BOISE, Idaho (AP) — Police are seeking help in locating a vehicle occupant seen near where four University of Idaho students were stabbed to death last month.
Moscow police said Wednesday afternoon, early in the morning of November 13, that a civilian was called in to identify a person inside a white Hyundai Elantra built between 2011 and 2013 near a house off campus. issued a statement asking for help. No sedan license plate.
“Whether you believe it to be important or not, your information could be a puzzle piece to help investigators solve these murders,” the agency wrote.
relatively few details The murders of Madison Mogen, Kaylee Goncalves, Xana Kernodle and Ethan Chapin have been released. An autopsy revealed that four students had been stabbed to death, and the attack probably began while they were asleep.
“Tips and clues led investigators to seek additional information about a vehicle in the immediate vicinity of the King Street residence in the early hours of November 13. “If you know or own a vehicle that fits this description, or if you know of a vehicle that fits this description, we may have important information that should be available,” the ministry wrote in a news release. If you know anyone who may have been driving this vehicle that day, please forward that information to Tipline.”
Moscow Police Department has asked anyone with information to send an email Or call the tip line at 208-883-7180.The FBI, which is supporting the investigation, has created a website You can upload security camera footage and other digital media from the area recorded before and after the murder.
4 stabbing victims A friend and member of the Greek system of universities., shattered the sense of security many had in rural farming and college towns. The three of him, Mogen, Goncalves, and Kernodle, lived with his two other roommates in a rented house across the street from campus. There, Kernodle’s boyfriend, his Chapin, was visiting.

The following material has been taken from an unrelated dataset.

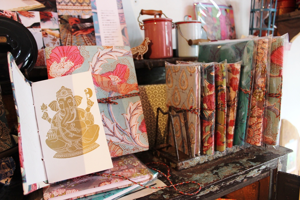 ブロックプリントで染められた布を表紙にした手作りのノート。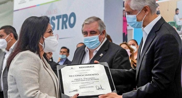 En el marco del Día de la Maestra y del Maestro, el gobernador Alfredo Del Mazo, entregó reconocimientos a docentes con más de 25 y 40 años de servicio.

Moscow police chief James Fry was in a rented house with other law enforcement officers on Wednesday collecting the victim’s belongings so that they could return them to their families. He announced his plans on Monday and hopes that returning meaningful items to the family will help them heal.
Six Moscow Department detectives, 48 FBI agents, and more than a dozen Idaho State Police agents were involved in solving the case.
“We’re going to do our job and we’re going to do this to the best of our ability,” Frye said outside the home on Wednesday. Thanks to the victims, thanks to our community, and we will continue to do so.”